Tarım ve Orman Bakanı İbrahim Yumaklı, tarımsal üretimi tehdit eden kahverengi kokarca zararlısına karşı yürütülen çalışmaları değerlendirmek üzere düzenlenen Kahverengi Kokarca Mücadelesi Eylem Planı Toplantısı'nda önemli açıklamalarda bulundu.

Devlet Su İşleri (DSİ) Libadiye yerleşkesinde gerçekleşen toplantıda, bu zararlının yoğun olarak görüldüğü 13 ilin valileriyle mücadele stratejileri ele alındı.

Kahverengi Kokarca’nın Yayılımı

Doğu Asya kökenli olan kahverengi kokarca, ilk kez 1996 yılında Amerika’da keşfedildi. Ardından Avrupa, Rusya ve 2015 yılında Türkiye'nin sınır komşusu Gürcistan’a kadar yayıldı. Türkiye’de ilk kez 2017 yılında Gürcistan sınırına yakın illerde ve İstanbul’da görülen zararlı, özellikle fındık başta olmak üzere birçok meyve ve sebze üretiminde ciddi zararlar veriyor.

Bakan Yumaklı, 2023 ve 2024 yıllarında bu zararlının yerel düzeyde tespit edildiğini ancak yoğunluğunun arttığını belirterek, gerekli önlemler alınmadığı takdirde zararların büyüyeceğini ifade etti.

Samuray Arısı Doğaya Salınıyor

Yumaklı, kahverengi kokarcayla mücadelede kimyasal kullanımın azaltılmasına yönelik 2023’te hazırlanan Eylem Planı kapsamında, biyolojik mücadeleye öncelik verdiklerini söyledi. Zararlının doğal düşmanı olan Samuray arısının üretimine başlandığını belirten Yumaklı, “2024 itibarıyla 207 bin Samuray arısı doğaya salındı. 2025’te bu sayı bir milyona ulaşacak” dedi.

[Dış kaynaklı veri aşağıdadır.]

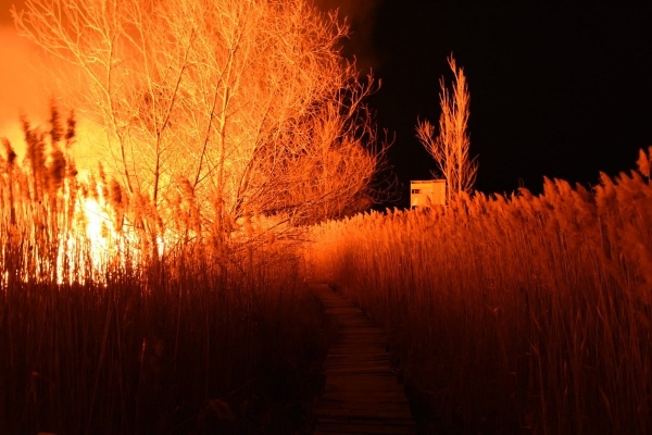 Освен растителността пламъците са унищожили и туристическите съоръжения, включително кулата, от която се наблюдават птиците, както и мостчетата за разходка, които водят до водните огледала.

Bunun yanı sıra feromon tuzakları, tuzak bitkiler ve mekanik toplama gibi yöntemlerle çevre ve insan sağlığı korunarak mücadele ediliyor. Yumaklı, “Kış aylarında yapılan mücadelenin yaz dönemi için kritik olduğunu gördük” diyerek, 13 ilde kırsal bölgelerde 400 bin yapının ilaçlanmasına başlandığını ve sürecin devam ettiğini kaydetti.

Beş Adımlı Mücadele Planı

Bakan Yumaklı, toplantıda mücadele sürecinin beş adımda yürütülmesi gerektiğini vurguladı:

Yerel Koordinasyon: Mücadelenin etkili olabilmesi için tüm yerel birimlerin iş birliği şart.

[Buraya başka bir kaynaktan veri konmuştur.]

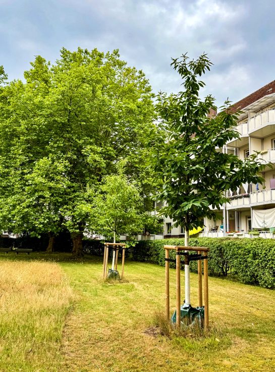 Die behördliche Auflage verlangte nur einen Ersatzbaum. Der Vorstand von spar+bau ging einen Schritt weiter: Im Frühjahr 2024 wurden zwei Edelkastanien (Castanea sativa) gepflanzt – deutlich größer als gefordert. Mit einem Stammumfang von 20–25 Zentimetern und einer Höhe von 4–5 Metern sollen sie nicht nur schnell wachsen, sondern auch langfristig zum Erhalt des parkähnlichen Eindrucks beitragen.

Toplumsal Bilinçlendirme: Vatandaşların zararlıyı tanıması ve mücadelenin bir parçası olması gerekiyor.

Tespit ve İzleme: Zararlı popülasyonun yoğun olduğu bölgelerde hızlı müdahale için elzem.

Kimyasal Alternatifler: Çevre ve halk sağlığı açısından biyolojik ve mekanik yöntemlerin öncelikli kullanımı.

Farkındalık Çalışmaları: Mücadelenin sürekliliği için etkin iletişim şart.

Yüzde 70’e Varan Kayıp Riski

Kahverengi kokarcanın zararlarının yalnızca tarımsal üretimle sınırlı kalmadığını belirten Yumaklı, yaşam alanlarına da ciddi etkilerinin olduğunu söyledi. Gerekli önlemler alınmadığı takdirde ürün kayıplarının bazı ürünlerde %60-70’e kadar çıkabileceğini ifade etti.

Bakan Yumaklı, tarımsal üretimin sürdürülebilirliği ve gıda arz güvenliğinin sağlanması için mücadele çalışmalarının tüm hızıyla devam edeceğini vurguladı.